The Wit And Wisdom Of Discworld Read online

Page 5


  *

  ‘If we’re going to die anyway, I’d rather die like this. Heroically,’ [said Nijel.]

  ‘Is it heroic to die like this?’ said Conina.

  ‘I think it is,’ he said, ‘and when it comes to dying, there’s only one opinion that matters.’

  †Although, possibly, quicker. And only licensed to carry fourteen people.

  WITCHES are not by nature gregarious, and they certainly don’t have leaders. Granny Weatherwax was the most highly regarded of the leaders they didn’t have. But even she found that meddling in royal politics was a lot more difficult than certain playwrights would have you believe…

  Granny Weatherwax paused with a second scone halfway to her mouth.

  ‘Something comes,’ she said.

  ‘Can you tell by the pricking of your thumbs?’ said Magrat earnestly. Magrat had learned a lot about witchcraft from books.

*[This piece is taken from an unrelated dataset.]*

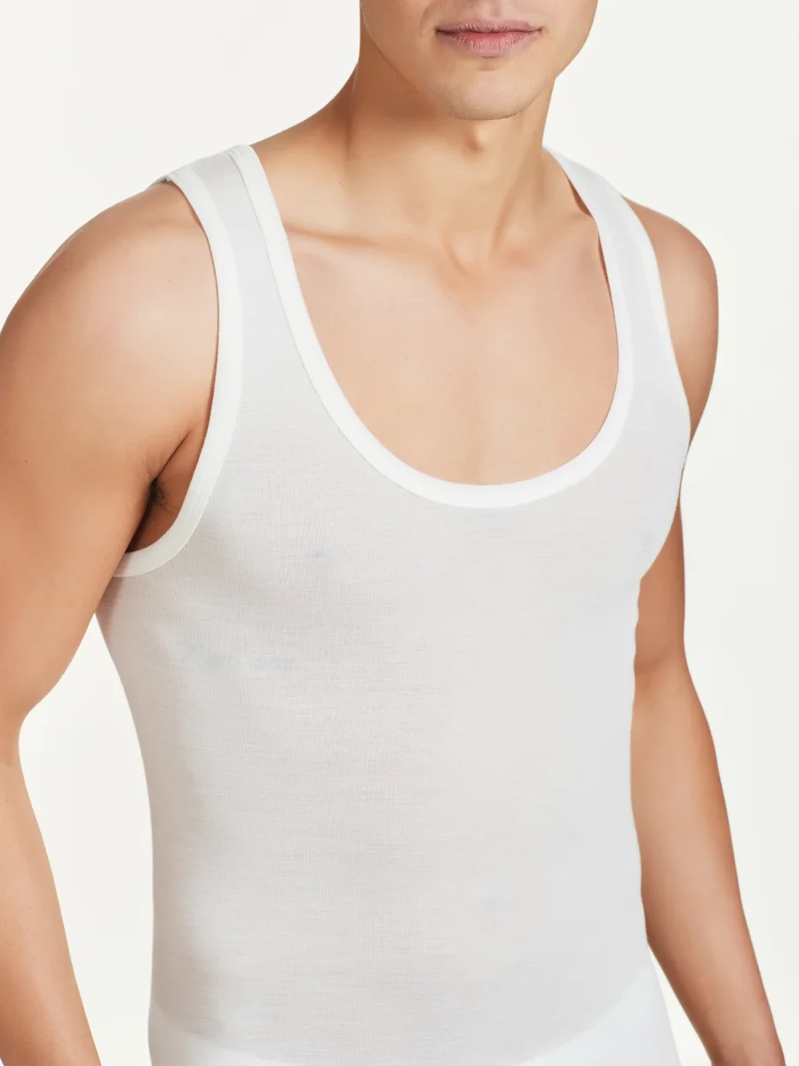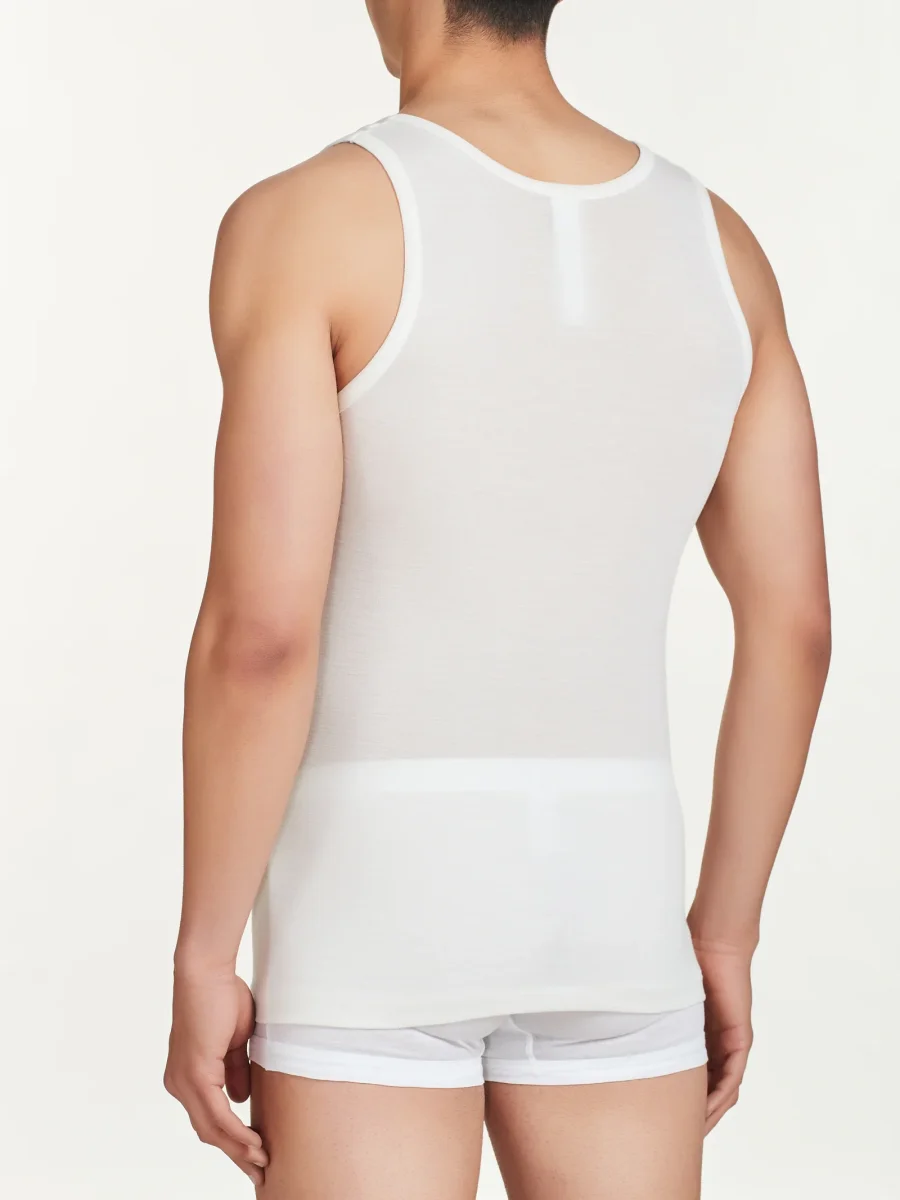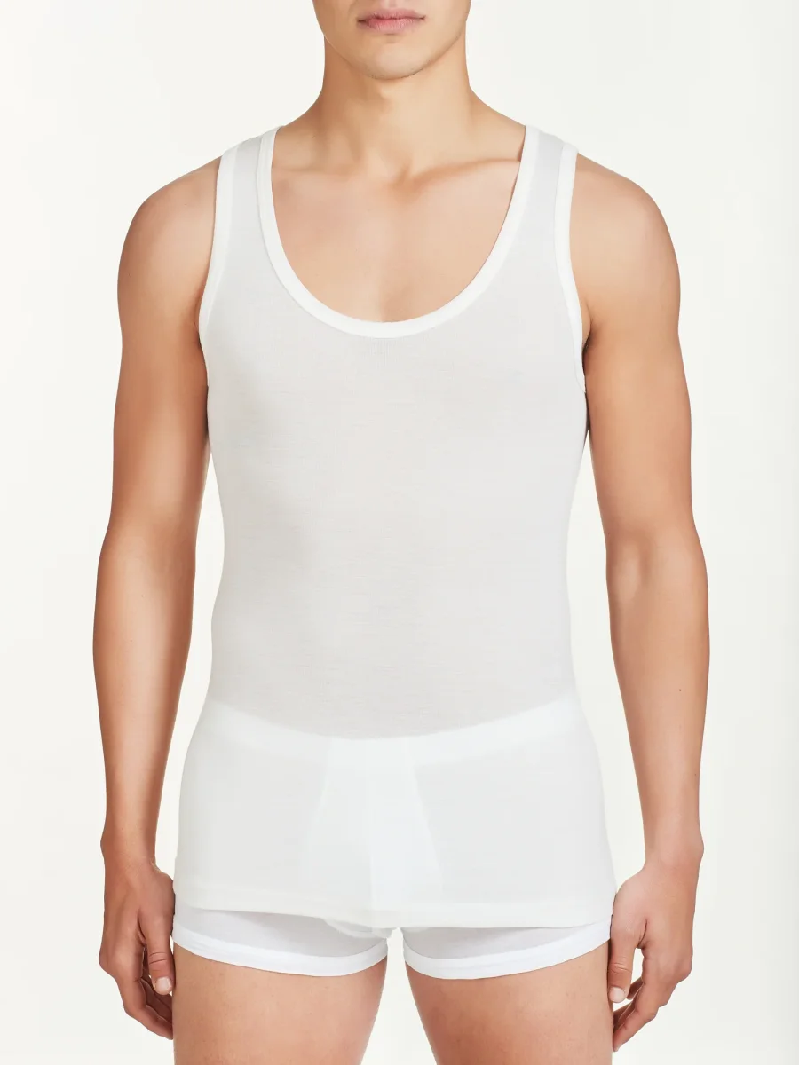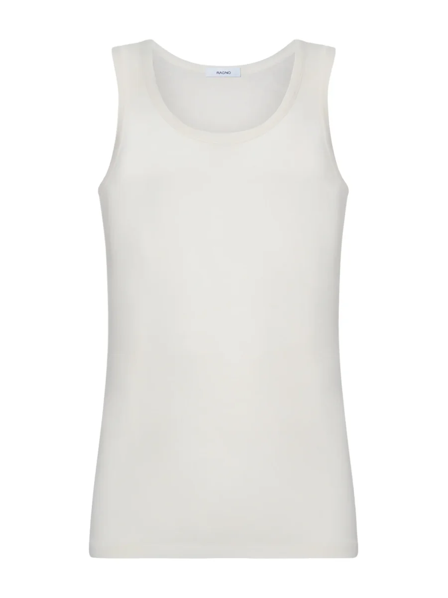 Canottiera spalla larga in pregiato tessuto a maglia unita in pura lana ultrafine, sottile e naturale.

  ‘The pricking of my ears,’ said Granny.

  *

  ‘I didn’t become a soldier for this. Not to go round killing people.’

  *

  ‘If I was you, I’d become a sailor,’ said Granny thoughtfully. ‘Yes, a nautical career. I should start as soon as possible. Now, in fact. Run off, man. Run off to sea where there are no tracks. You will have a long and successful life, I promise.’ She looked thoughtful for a moment, and added, ‘At least, longer than it’s likely to be if you hang around here.’

  *

  Lancre Castle was built on an outcrop of rock by an architect who had heard about Gormenghast but hadn’t got the budget. He’d done his best, though, with a tiny confection of cut-price turrets, bargain basements, buttresses, crenellations, gargoyles, towers, courtyards, keeps and dungeons; in fact, just about everything a castle needs except maybe reasonable foundations and the kind of mortar that doesn’t wash away in a light shower.

  *

  ‘There is a knocking without,’ the porter said.

  ‘Without what?’ said the Fool.

  ‘Without the door, idiot.’

  The Fool gave him a worried look. ‘A knocking without a door?’ he said suspiciously. ‘This isn’t some kind of Zen, is it?’

  *

  ‘How many times have you thrown a magic ring into the deepest depths of the ocean and then, when you get home and have a nice bit of turbot for your tea, there it is?’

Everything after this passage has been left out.